(Items from a dataset)
------------------------

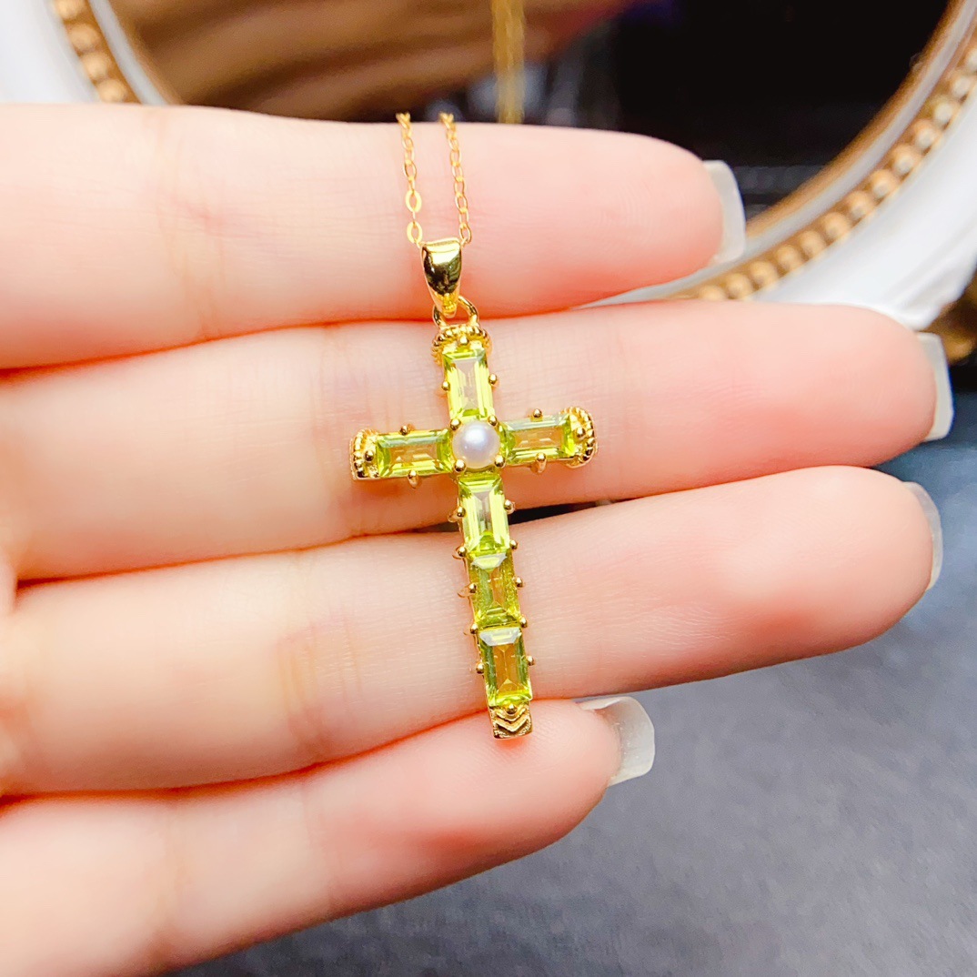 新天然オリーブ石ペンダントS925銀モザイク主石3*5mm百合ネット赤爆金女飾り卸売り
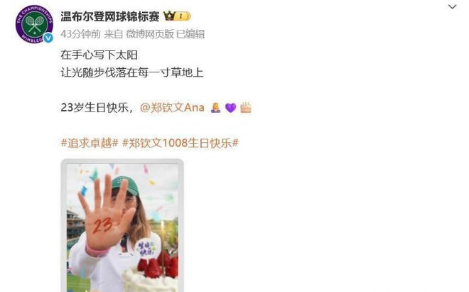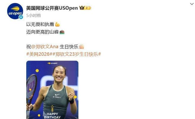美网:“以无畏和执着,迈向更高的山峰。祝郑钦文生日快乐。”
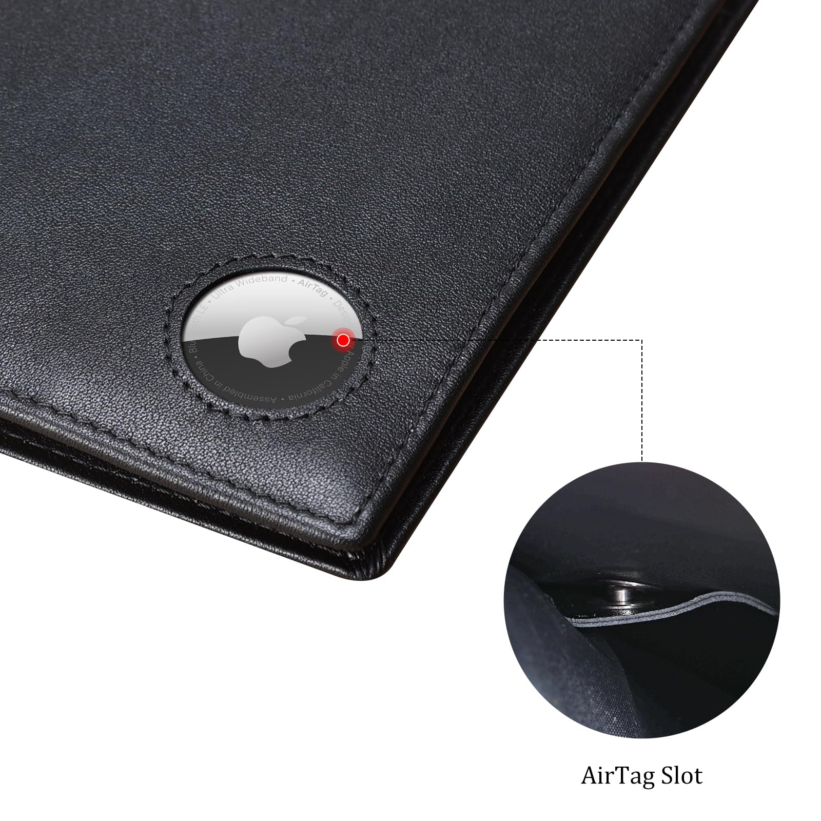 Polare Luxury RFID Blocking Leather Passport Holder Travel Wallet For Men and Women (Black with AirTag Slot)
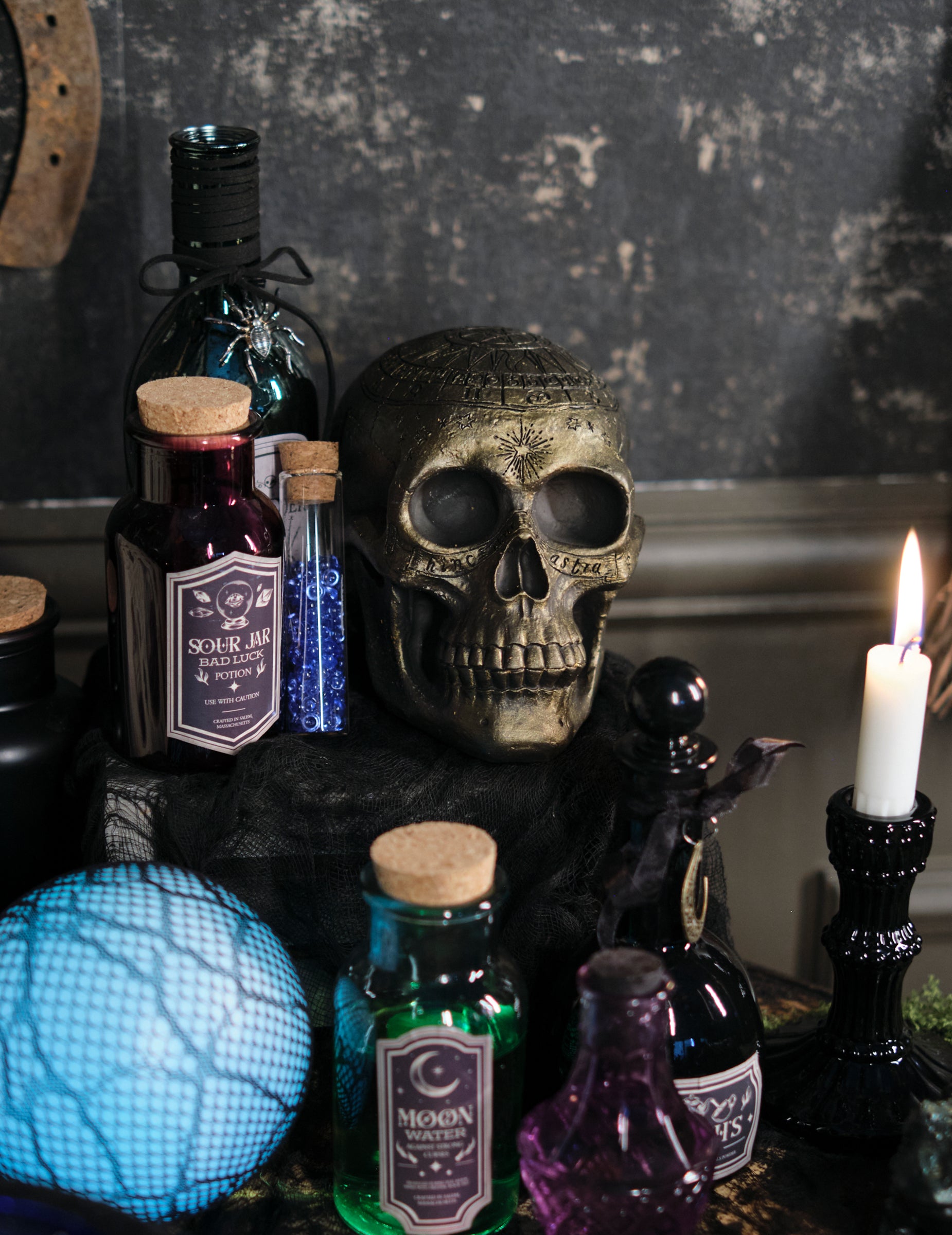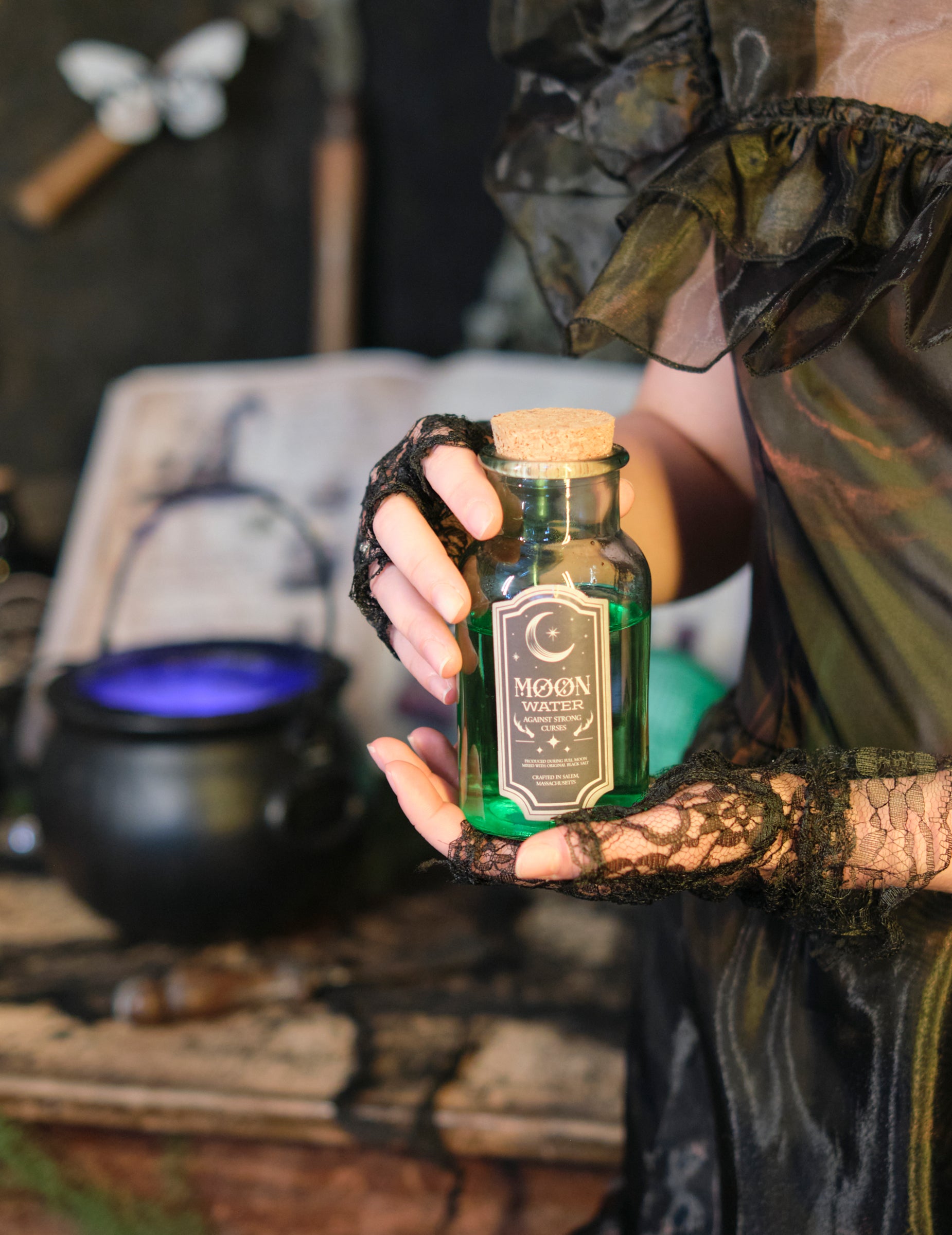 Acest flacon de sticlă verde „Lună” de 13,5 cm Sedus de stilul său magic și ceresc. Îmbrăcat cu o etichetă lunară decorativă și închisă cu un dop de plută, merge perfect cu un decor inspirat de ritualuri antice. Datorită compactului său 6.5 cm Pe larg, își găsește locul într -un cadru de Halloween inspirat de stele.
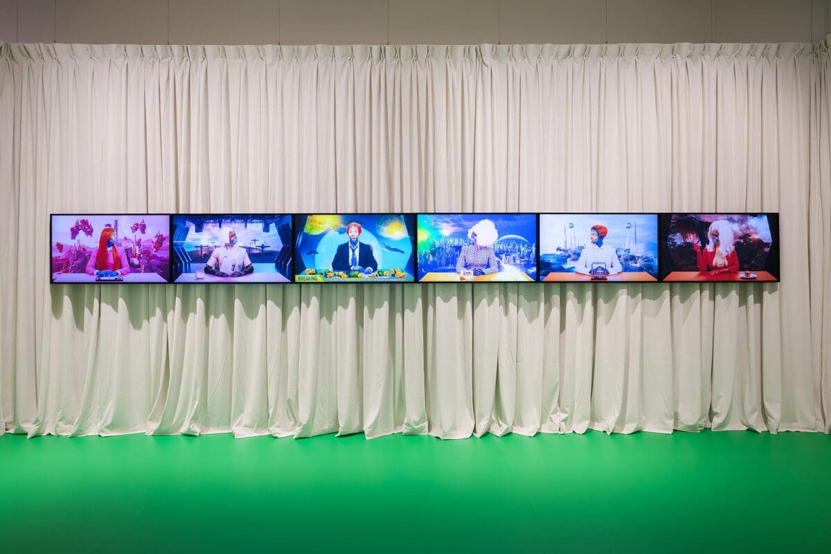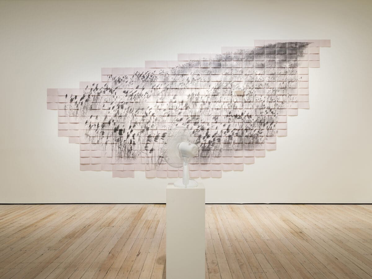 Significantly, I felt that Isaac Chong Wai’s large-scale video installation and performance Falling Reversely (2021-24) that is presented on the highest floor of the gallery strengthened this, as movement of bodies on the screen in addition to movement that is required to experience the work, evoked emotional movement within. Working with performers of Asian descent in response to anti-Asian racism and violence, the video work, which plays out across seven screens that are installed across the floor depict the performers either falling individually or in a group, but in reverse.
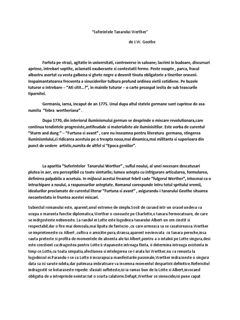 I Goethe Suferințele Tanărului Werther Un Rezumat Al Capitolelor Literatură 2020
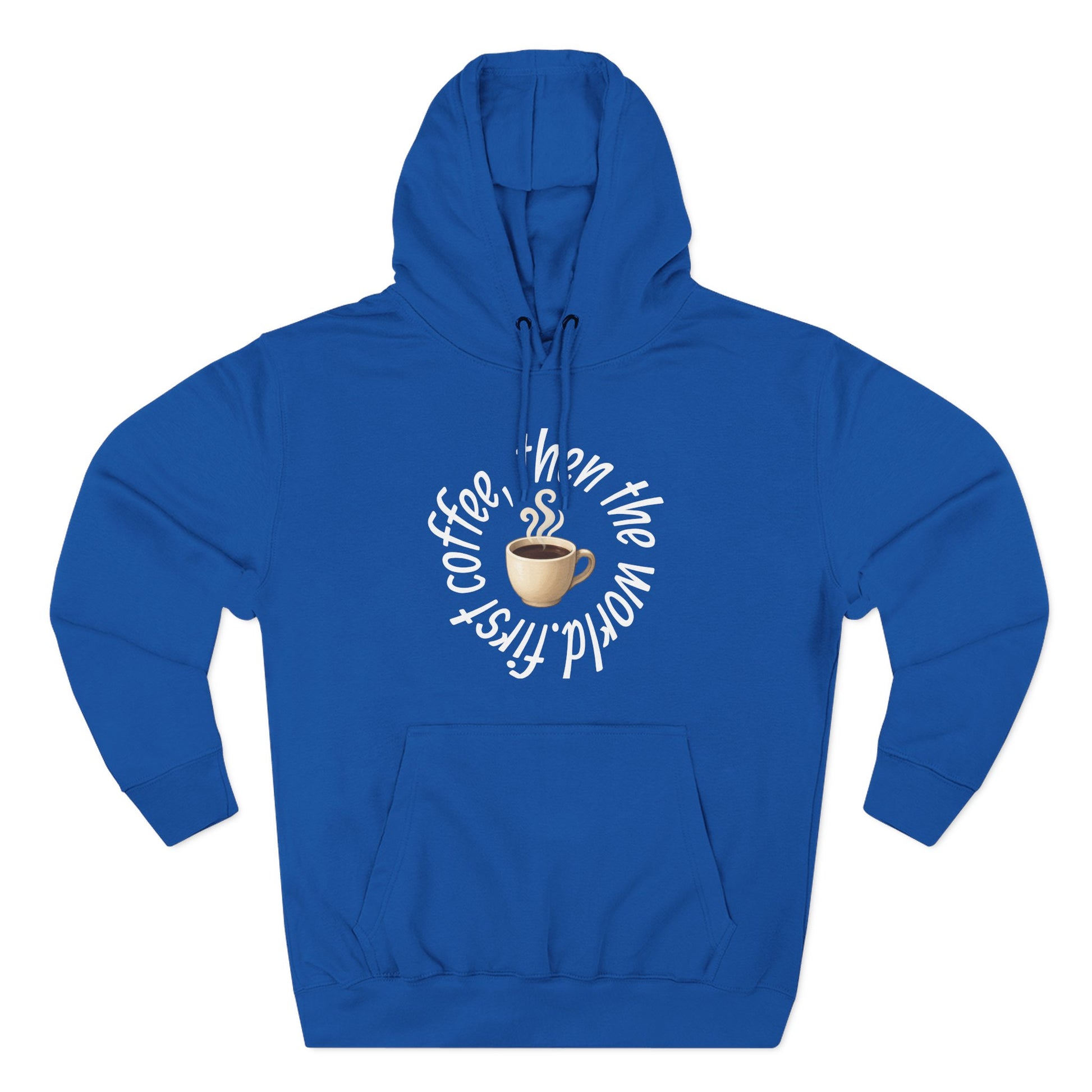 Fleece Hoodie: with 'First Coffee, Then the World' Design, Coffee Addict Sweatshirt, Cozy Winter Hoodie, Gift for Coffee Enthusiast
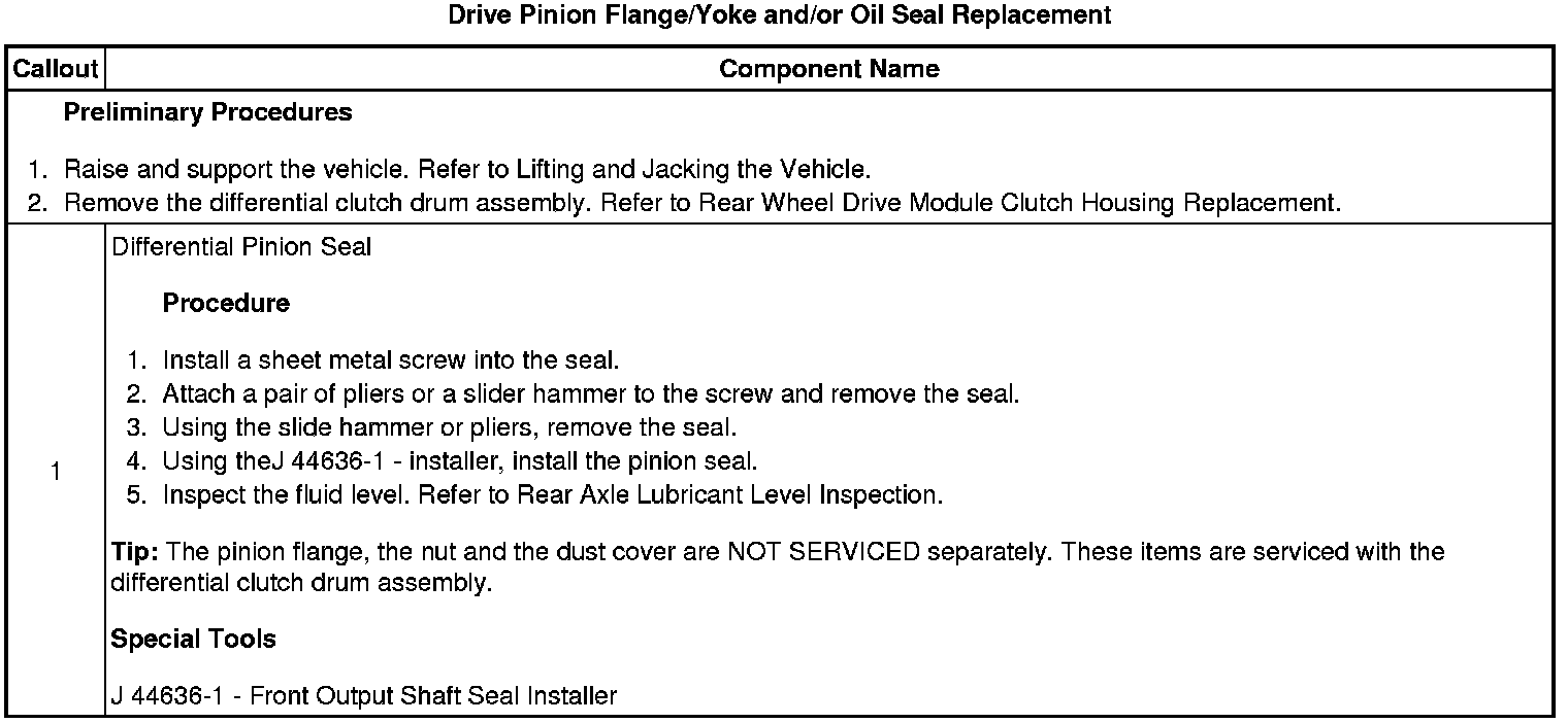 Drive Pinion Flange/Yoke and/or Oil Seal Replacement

------------------------

EXERCISE DETAILS | Set down word for word the lines from the first entry through the line with "Acest flacon de", both included, omitting pictures.

SOLVED EXERCISE |
 新天然オリーブ石ペンダントS925銀モザイク主石3*5mm百合ネット赤爆金女飾り卸売り
美网:“以无畏和执着,迈向更高的山峰。祝郑钦文生日快乐。”
 Polare Luxury RFID Blocking Leather Passport Holder Travel Wallet For Men and Women (Black with AirTag Slot)
 Acest flacon de sticlă verde „Lună” de 13,5 cm Sedus de stilul său magic și ceresc. Îmbrăcat cu o etichetă lunară decorativă și închisă cu un dop de plută, merge perfect cu un decor inspirat de ritualuri antice. Datorită compactului său 6.5 cm Pe larg, își găsește locul într -un cadru de Halloween inspirat de stele.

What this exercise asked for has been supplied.